If the logfile already exists when the
cback-amazons3-sync command is executed,
it will retain its existing ownership and mode.
-O
, --output
Record some sub-command output to the logfile. When this option is enabled, all output from system commands will be logged. This might be useful for debugging or just for reference.
-d
, --debug
Write debugging information to the logfile. This option
produces a high volume of output, and would generally only
be needed when debugging a problem. This option implies
the --output
option, as well.
-s
, --stack
Dump a Python stack trace instead of swallowing exceptions. This forces Cedar Backup to dump the entire Python stack trace associated with an error, rather than just propagating last message it received back up to the user interface. Under some circumstances, this is useful information to include along with a bug report.
-D
, --diagnostics
Display runtime diagnostic information and then exit. This diagnostic information is often useful when filing a bug report.
-v
, --verifyOnly
Only verify the S3 bucket contents against the directory on disk. Do not make any changes to the S3 bucket or transfer any files. This is intended as a quick check to see whether the sync is up-to-date.

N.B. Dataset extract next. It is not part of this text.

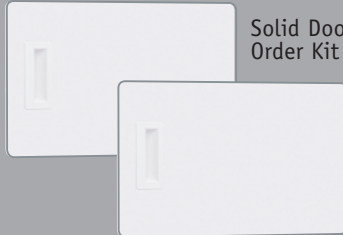
Solid Doors, Order Kit #4396720

New Dual Torx® Security Bolt and Pin Combination secures your investment by prohibiting the separation of dryers.

Although no files are transferred, the tool will still
execute the source filename encoding check, discussed
below along with --ignoreWarnings
.
-w
, --ignoreWarnings
The AWS CLI S3 sync process is very picky about filename encoding. Files that the Linux filesystem handles with no problems can cause problems in S3 if the filename cannot be encoded properly in your configured locale. As of this writing, filenames like this will cause the sync process to abort without transferring all files as expected.
To avoid confusion, the cback-amazons3-sync
tries to guess which files in the source directory will
cause problems, and refuses to execute the AWS CLI S3 sync if
any problematic files exist. If you'd rather proceed
anyway, use --ignoreWarnings
.
If problematic files are found, then you have basically
two options: either correct your locale (i.e. if you have
set LANG=C
) or rename the file so it
can be encoded properly in your locale. The error messages
will tell you the expected encoding (from your locale) and
the actual detected encoding for the filename.